According to my blackboard there are ten school days left this year. That's not counting today, but it does count Records Day, the day where all the teachers come in and just stay long enough to pack up their rooms and tie up their loose ends. Most teachers leave by noon to get lunch and a drink, but since I get paid by the hour I plan to spend all day there.
The last two weeks of school are unique in my district because all the therapists - the OTs, the PTs, the social workers, the psychologists, and the SLPs like me - stop doing therapy and just concentrate on doing their paperwork. They figure we can get it all done in a timely manner that way. It's a nice theory, but it never works out. Everyone knows we have the last two weeks off, so they schedule meetings and workshops. In the last two weeks of school I have four IEP meetings, an evaluation to complete, a department committee meeting, a mandatory department picnic, and two solid days of district training. That doesn't leave much time to finish up my stuff, so I've been busting my ass to do as much as I can as soon as I can.

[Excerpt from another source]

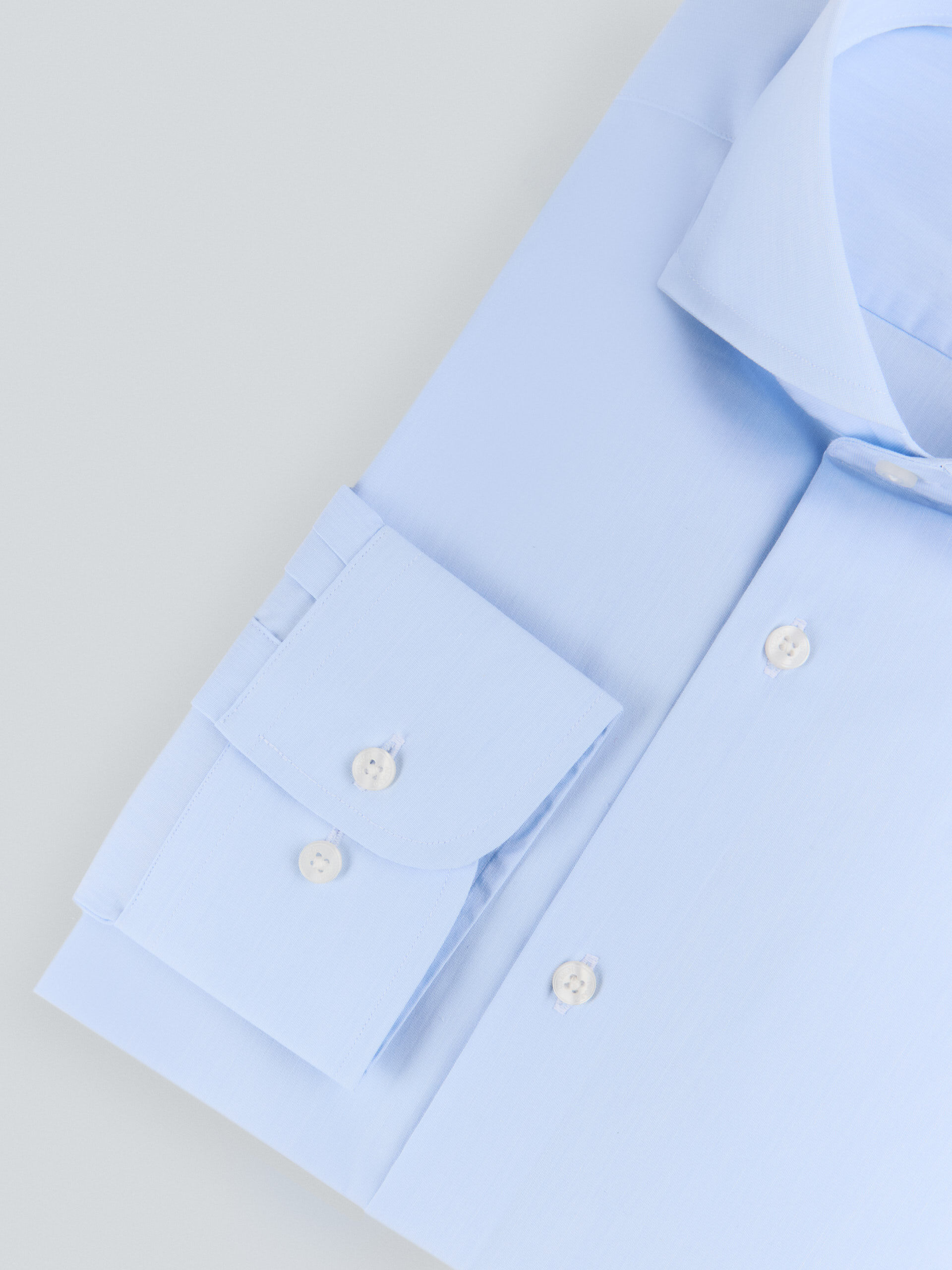 Camisa de vestir de corte slim fit. Cuenta con cuello italiano, manga larga con puños simples y logo de la marca grabado en el frontal.

Unfortunately there are things I can't complete until closer to the end of the year. For example, I have to wait until after graduation before I can finalize my caseload numbers for next year and send all of my seniors' folders to the district building to be filed. After all, if one of them fails a class and doesn't graduate (it happens!) I'd hate to go back and track down their paperwork and re-submit my new caseload numbers.

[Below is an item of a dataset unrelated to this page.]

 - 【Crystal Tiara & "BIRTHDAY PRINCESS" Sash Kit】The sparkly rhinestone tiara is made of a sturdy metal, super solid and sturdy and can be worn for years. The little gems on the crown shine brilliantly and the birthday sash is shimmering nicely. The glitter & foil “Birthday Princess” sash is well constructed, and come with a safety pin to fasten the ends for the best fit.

So portions of my day are spent staring at my to-do list, reviewing each item and growing increasingly anxious when I realize that I can't do it that second. I know that I'm going to have to scramble at the end of the year to get it all done, but I also know there's very little I can do about it.
So I just sit, and wait, and try not to freak out too much. On one hand, I can't wait for the school year to be over. On the other hand, I'm not sure how I'm going to survive trying to finish it all.